After working for many years in the security world, I think the cloud fundamentally changes the security model. You are going from a model where previously the customer owned the physical and network layer in addition to the server and application layers. Data centers and hosting companies changed that by taking ownership of the physical layer and they build strong, comprehensive physical security controls into the facilities. The network layer was still owned by the customer. Cloud providers are now taking that over. Customers don’t control the traffic coming in now and don’t own the equipment related to that: the providers do. You can’t go put security appliances into AWS and in some providers you can’t easily route the traffic through “soft” appliances very easily. The networking model has changed.

This is where JumpCloud comes in. The new atomic unit in our mind is the server instance. That’s where organizations need to focus a great deal of their attention. Previously, organizations believed that if they could stop attacks at the gates, if you will, they could get away with not having as deep security on each server. The perimeter is completely gone now or at least one perimeter is done. Each server has its own perimeter and needs to be protected. This new structure simply requires a similarly new and innovative security approach. JumpCloud is enabling developers and admins to manage some of their key security issues in a different model. By embedding security into the management of your servers, we believe that it will deliver better results. For example, our user management functionality doesn’t store any credentials on the local filesystem – they are all stored in memory.
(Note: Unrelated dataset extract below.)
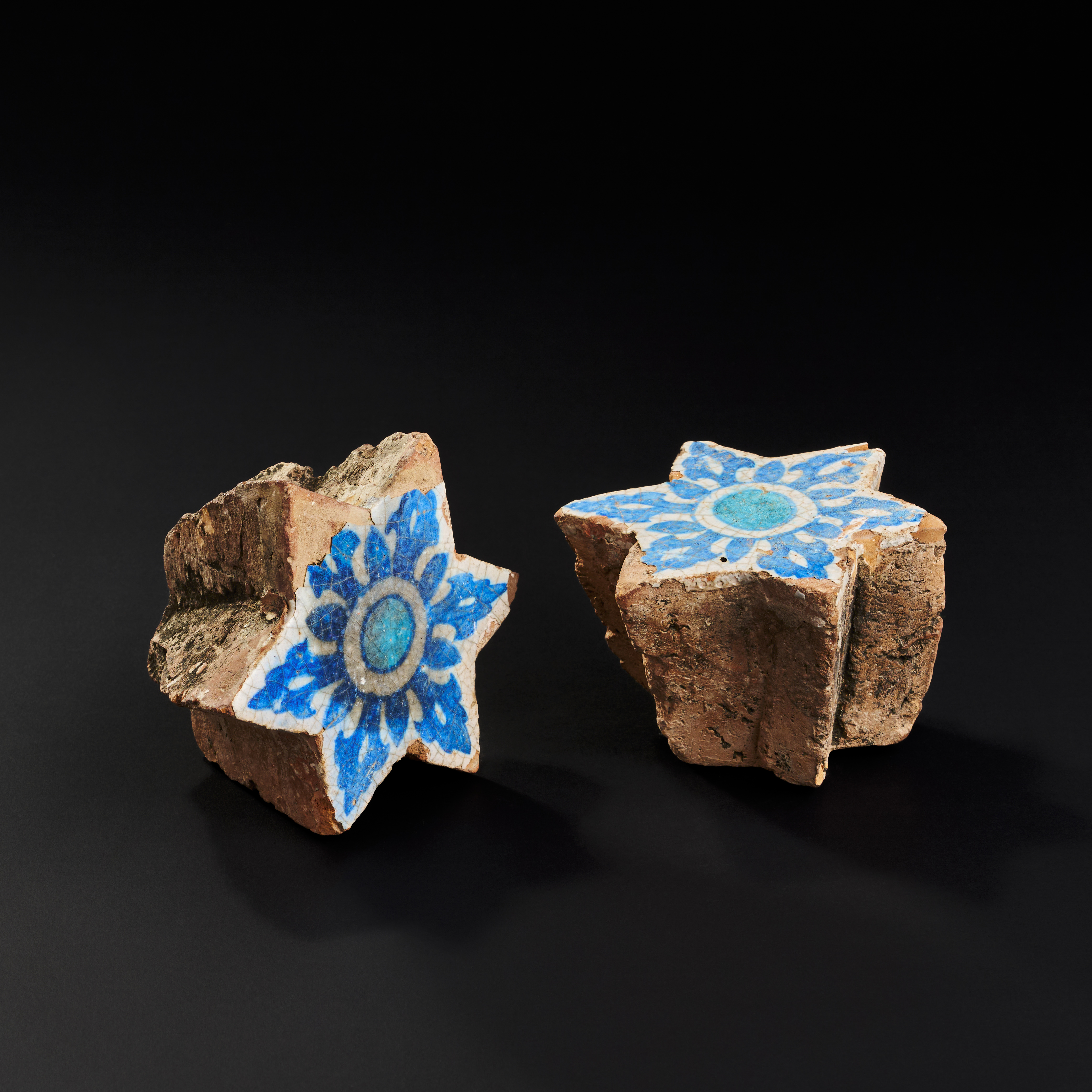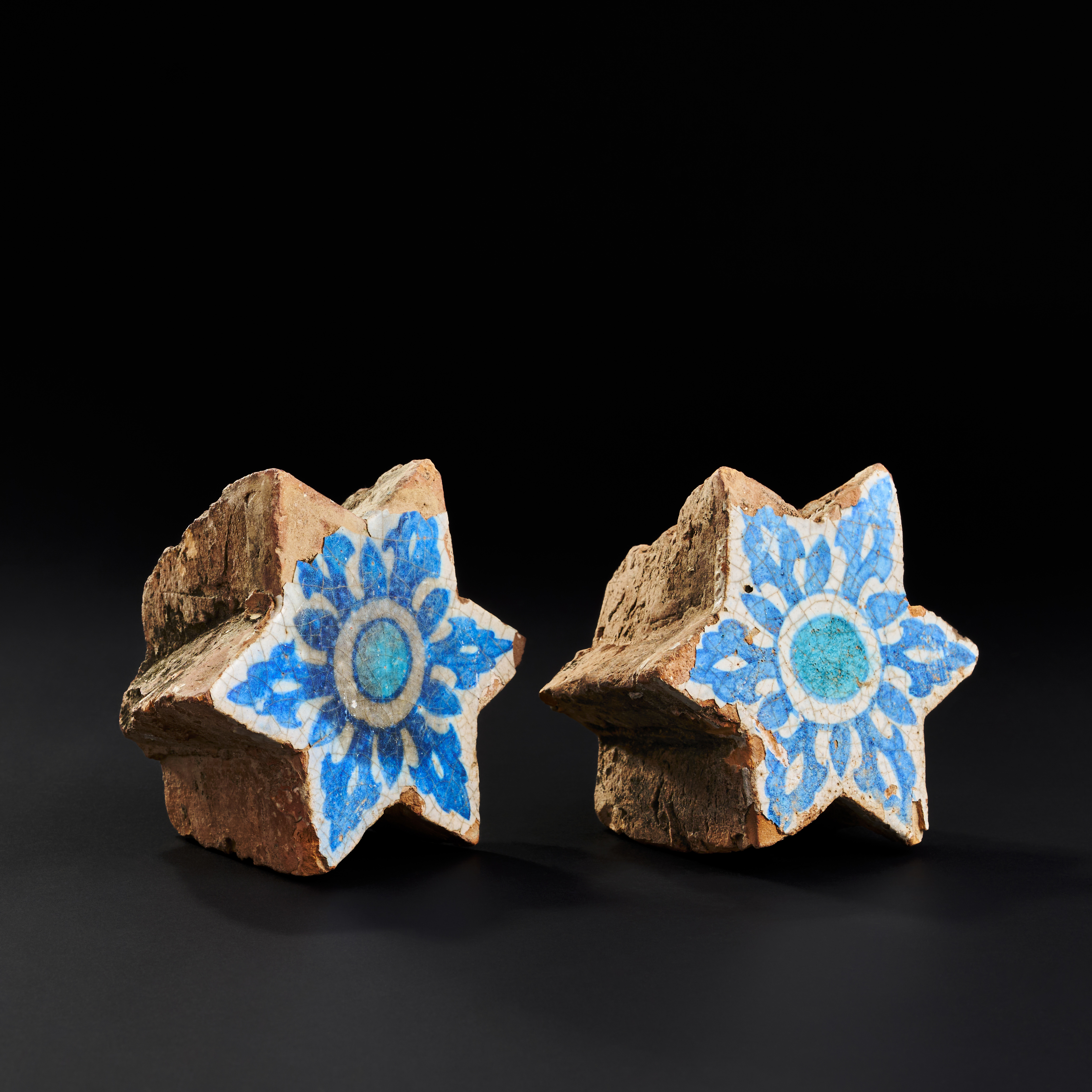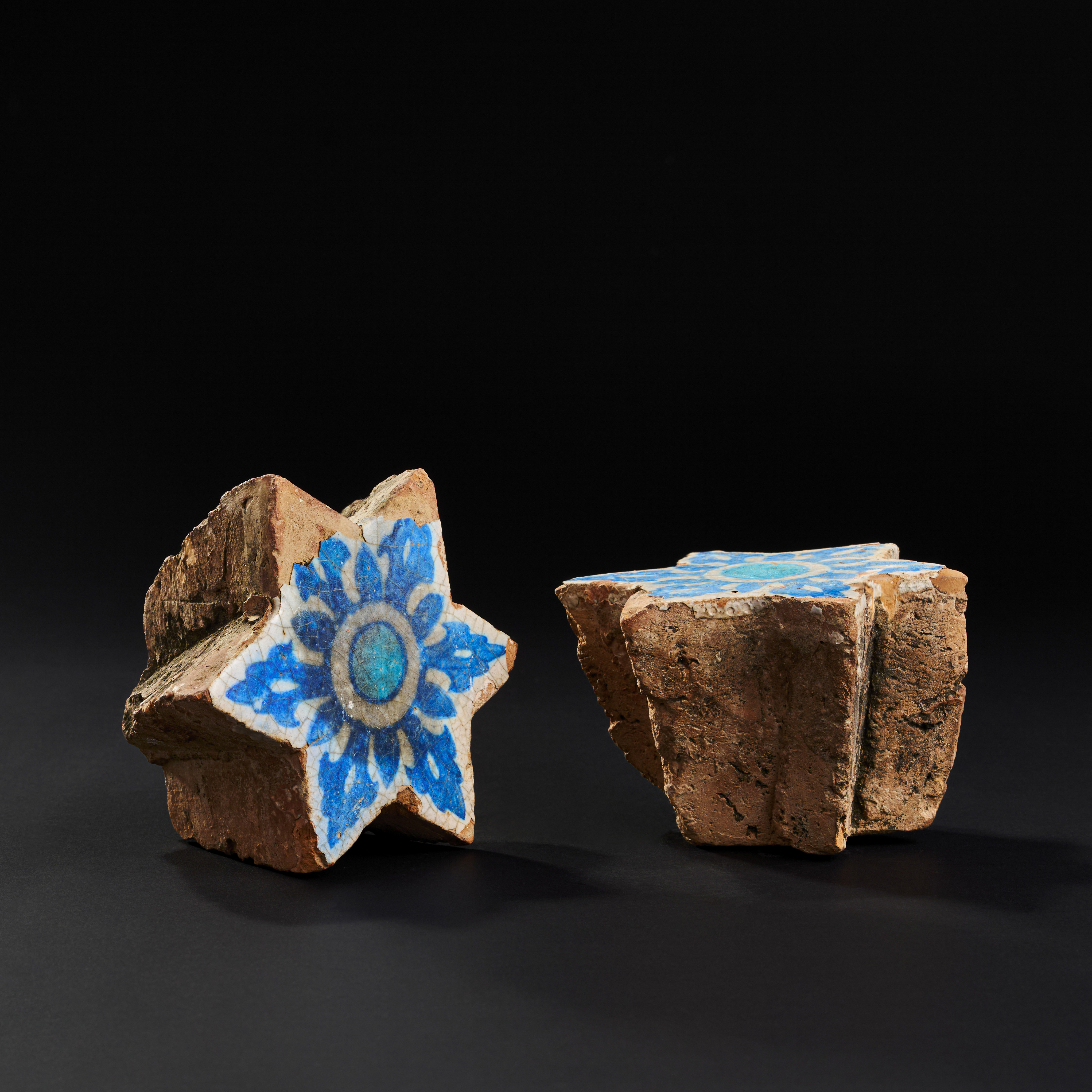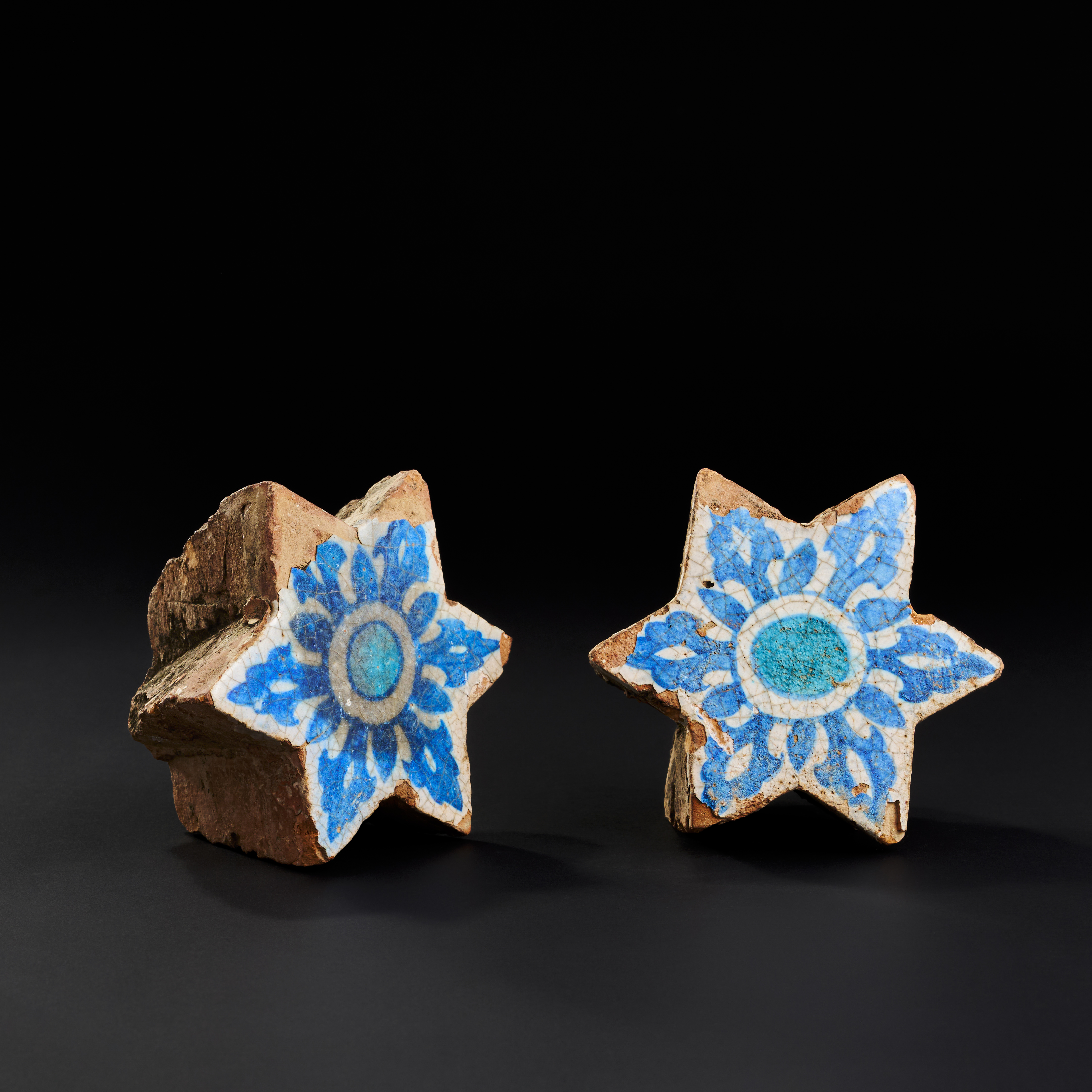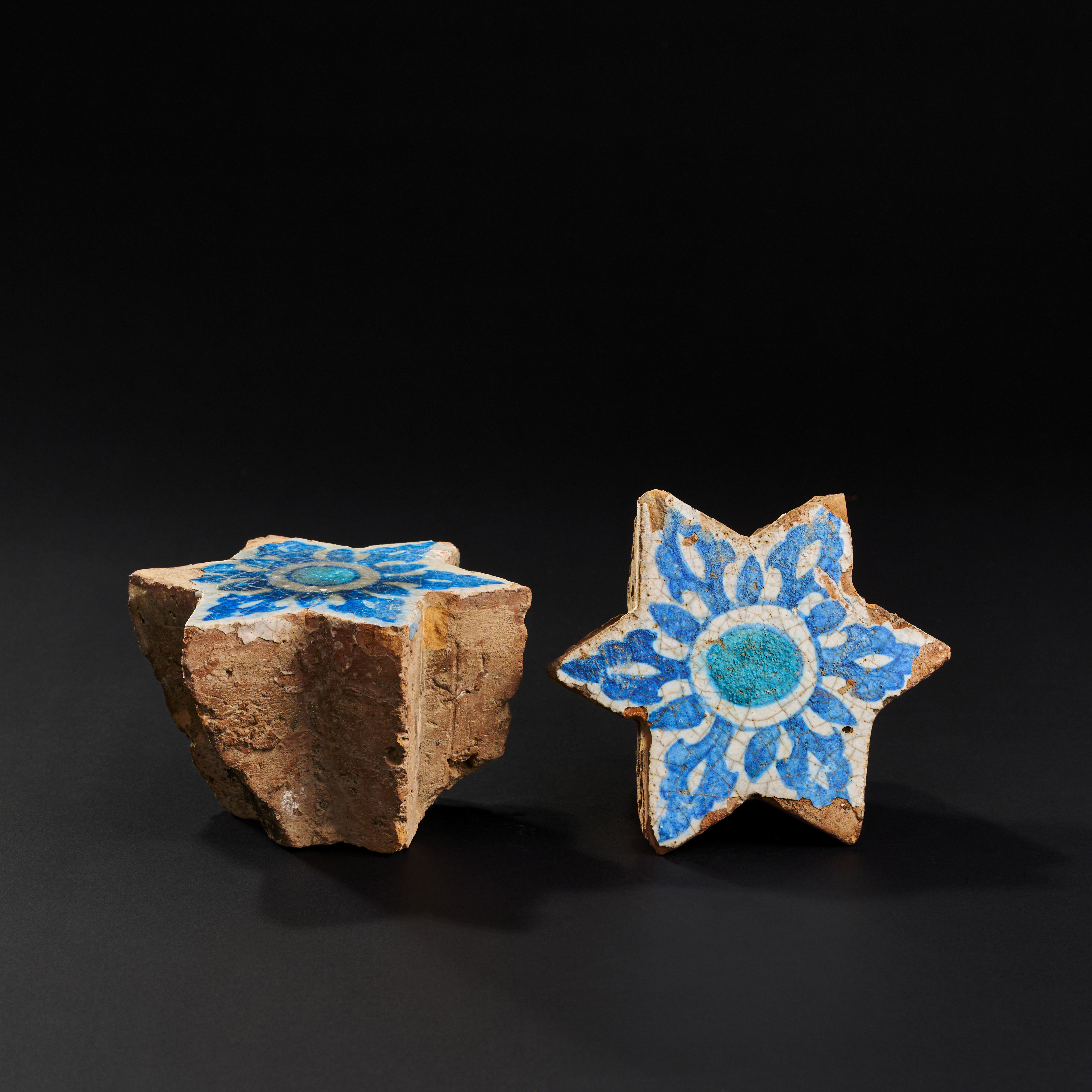 A PAIR OF SULTANATE INDIAN STAR GLAZED POTTERY TILES, 15TH – 16TH CENTURY
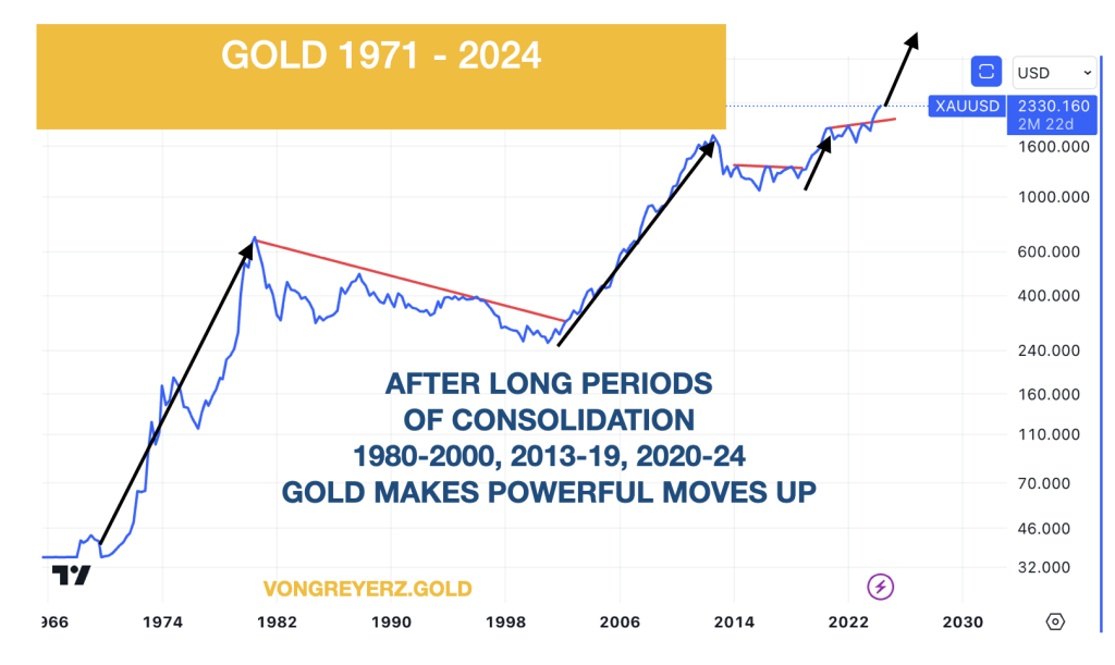 Gold makes powerful moves and then goes sideways for long periods. After the gold explosion from $35 in 1971 to $850 in 1980, gold spent 20 years correcting until 2000.

All logins are reviewed and behavioral anomalies are flagged. All privileged commands are reviewed for security issues or mistakes. JumpCloud doesn’t feel like a traditional, complex security solution, because security is woven into the fabric of management.

What security tools do you see people making the most use of with JumpCloud and what can it outsource to?

We already see our customers integrating JumpCloud with the log aggregation systems and security event management solutions. Effectively, they are taking the telemetry that we generate and including it with other event data that they generate to create more visibility on their infrastructure. We also believe that other complementary tools such as data encryption will be critical components for our customers. Network security based tasks such as reviewing traffic will ultimately be handled differently than they are today as the network is owned by the provider. These fundamental shifts will change how organizations think about security. We also believe that there will be greater focus on detection of compromises and recovery. Cloud and virtualization are making it easier to recover from issues and that path will be one that organizations leverage.

Image: Kirby inhaling (c) Nintendo Co. from http://kirby.wikia.com/wiki/File:KRtDL_Kirby_Inhale.png

If you were to assign a plush animal or even a Pokemon to the “cloud industry”, what would it be?

Haha! I think Kirby denotes “inflated expectations” around the cloud. Although, I’m actually convinced that the cloud and DevOps will deliver on the expectations – I’m just not sure that it will happen in the timeframe that everybody wants!